CodexJudgeAdapter (riff/evaluation/codex_judge.py) runs codex exec in a read-only sandbox with a forced output schema. It is the fallback when the DashScope qwen judge is exhausted (403). Slower (~8s/call) and spawns a subprocess, so it is the fallback, not the default.
ClaudeCodeAdapter (riff/evaluation/claude_code_judge.py) runs claude -p (print mode). The Anthropic API adapter 400s here, but the Claude Code CLI is installed and authenticated separately, so it is a usable Claude judge.

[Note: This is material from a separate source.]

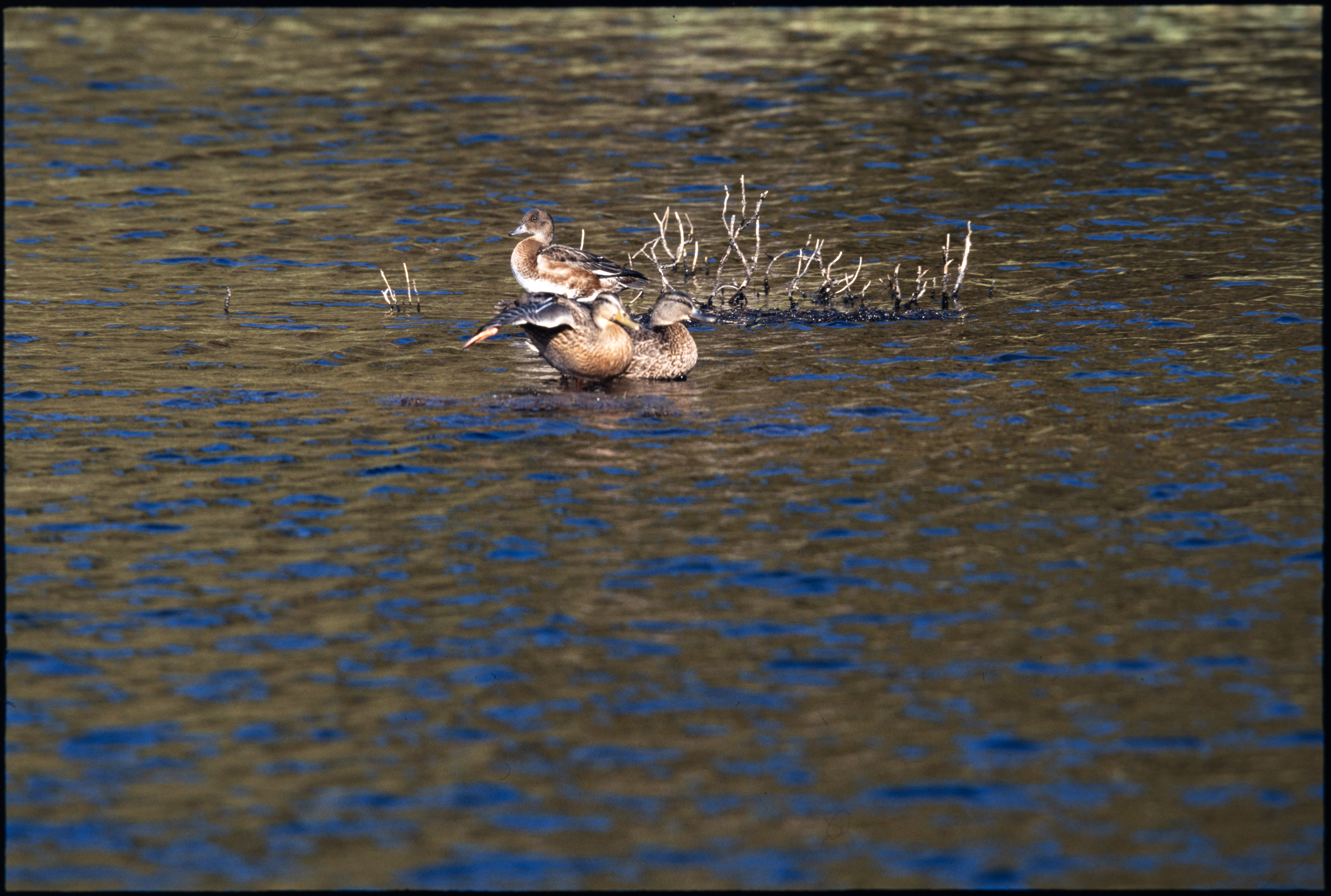 Stokkand. 2 stokkand hunner og 1 brunnakke i vatnet

A broken judge is an instrument fault, not a flow fault. During this session the broken Claude API agent and a fallback-exhausted qwen judge both produced score craters that looked like flow regressions. The broken Claude agent was dropped from the calibration panel (commit 72e36f3). This is the “harden the instrument” lesson in Methodology: measurement flaws masquerade as subject flaws.

Robustness — emit every attempt

The judge writes a row for every attempt, including failures (humanness = null + a status). A degraded judge that silently dropped its failures would shrink the sample and bias the median upward — so failures are recorded, not omitted (Codex robustness #1). Judges that are schema-locked to {quality, robustness} (the Codex CLI judge) fall back to their holistic quality as the closest naturalness signal.

Example

python scripts/aspect_judge.py OUT/flow-transcripts-*.jsonl \
    --judge gemini --out H --judged-at 2026-06-22T14:00:00Z
python scripts/eval_db.py --ingest-humanness --dirs H

# who judged, how often, timeout rate, average quality
python scripts/eval_db.py --judges

Real output from the live quality.db:

# Judges — who scored, how often, timeout rate, avg quality

  (none/heuristic)             n=800   timed_out=0    avg_q=4.98
  alibaba/qwen3.7-plus         n=162   timed_out=0    avg_q=3.85
  gemini/gemini-2.5-flash      n=77    timed_out=0    avg_q=4.32
  codexjudge/codex             n=77    timed_out=0    avg_q=4.29
  _fallbackjudge/qwen3.7-plus->codex(fallback) n=40  timed_out=0  avg_q=3.63
  panel:gemma/ollama+codex/cli n=2     timed_out=1    avg_q=8.0

Note the spread of average quality by judge on overlapping work: qwen 3.85 vs gemini 4.32 vs codex 4.29 on the same kinds of transcripts. That ~0.5pt gap between judges is real and is why quality is only comparable within a judge column (the --timeline rescore rows make this explicit).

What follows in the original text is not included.